LISTED ENTRIES =
:::
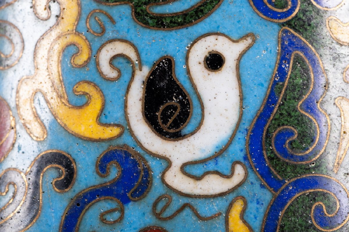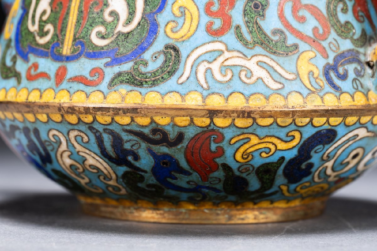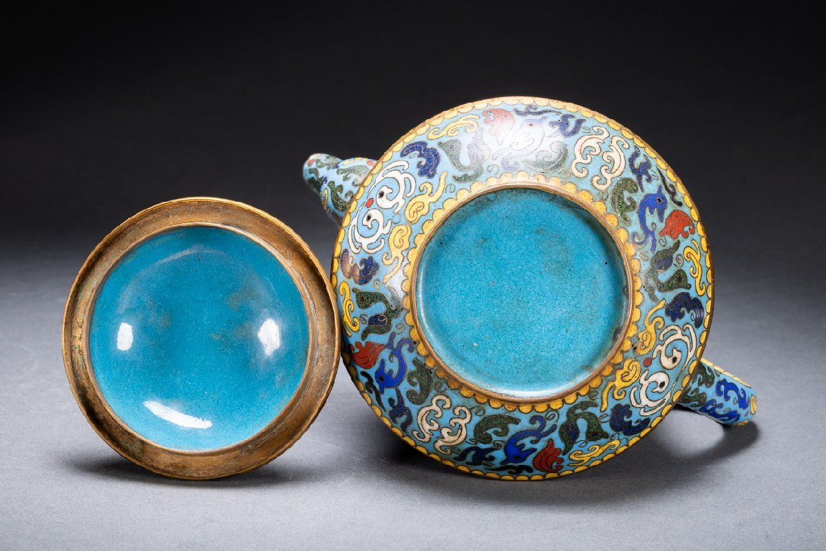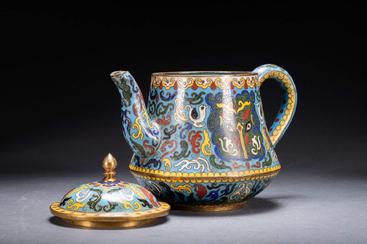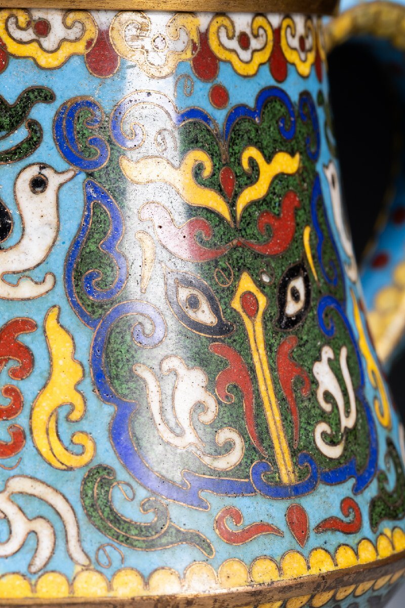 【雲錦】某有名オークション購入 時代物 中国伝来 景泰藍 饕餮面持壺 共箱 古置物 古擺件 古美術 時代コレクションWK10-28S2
:::
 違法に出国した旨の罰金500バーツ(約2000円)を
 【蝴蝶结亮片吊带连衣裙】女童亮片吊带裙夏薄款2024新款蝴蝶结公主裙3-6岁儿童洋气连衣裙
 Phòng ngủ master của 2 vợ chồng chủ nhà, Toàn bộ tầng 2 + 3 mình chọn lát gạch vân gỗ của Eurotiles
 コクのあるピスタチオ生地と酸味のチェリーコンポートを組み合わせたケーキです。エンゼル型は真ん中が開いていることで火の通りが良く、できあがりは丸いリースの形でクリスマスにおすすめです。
:::
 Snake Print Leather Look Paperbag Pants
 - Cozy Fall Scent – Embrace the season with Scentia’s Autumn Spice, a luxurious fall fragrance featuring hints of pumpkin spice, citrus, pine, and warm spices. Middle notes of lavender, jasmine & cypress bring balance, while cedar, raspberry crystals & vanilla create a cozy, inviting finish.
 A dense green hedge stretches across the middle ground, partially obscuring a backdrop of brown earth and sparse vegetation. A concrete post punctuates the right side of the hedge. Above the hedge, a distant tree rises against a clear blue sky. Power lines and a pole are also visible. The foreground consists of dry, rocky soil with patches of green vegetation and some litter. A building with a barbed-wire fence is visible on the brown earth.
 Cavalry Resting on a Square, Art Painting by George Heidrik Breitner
:::
Reproduce exactly the lines of the records above from the one with "- Cozy Fall" to the one with "Cavalry Resting on", both included, and leave out everything else.

WRITTEN RESPONSE =
 - Cozy Fall Scent – Embrace the season with Scentia’s Autumn Spice, a luxurious fall fragrance featuring hints of pumpkin spice, citrus, pine, and warm spices. Middle notes of lavender, jasmine & cypress bring balance, while cedar, raspberry crystals & vanilla create a cozy, inviting finish.
 A dense green hedge stretches across the middle ground, partially obscuring a backdrop of brown earth and sparse vegetation. A concrete post punctuates the right side of the hedge. Above the hedge, a distant tree rises against a clear blue sky. Power lines and a pole are also visible. The foreground consists of dry, rocky soil with patches of green vegetation and some litter. A building with a barbed-wire fence is visible on the brown earth.
 Cavalry Resting on a Square, Art Painting by George Heidrik Breitner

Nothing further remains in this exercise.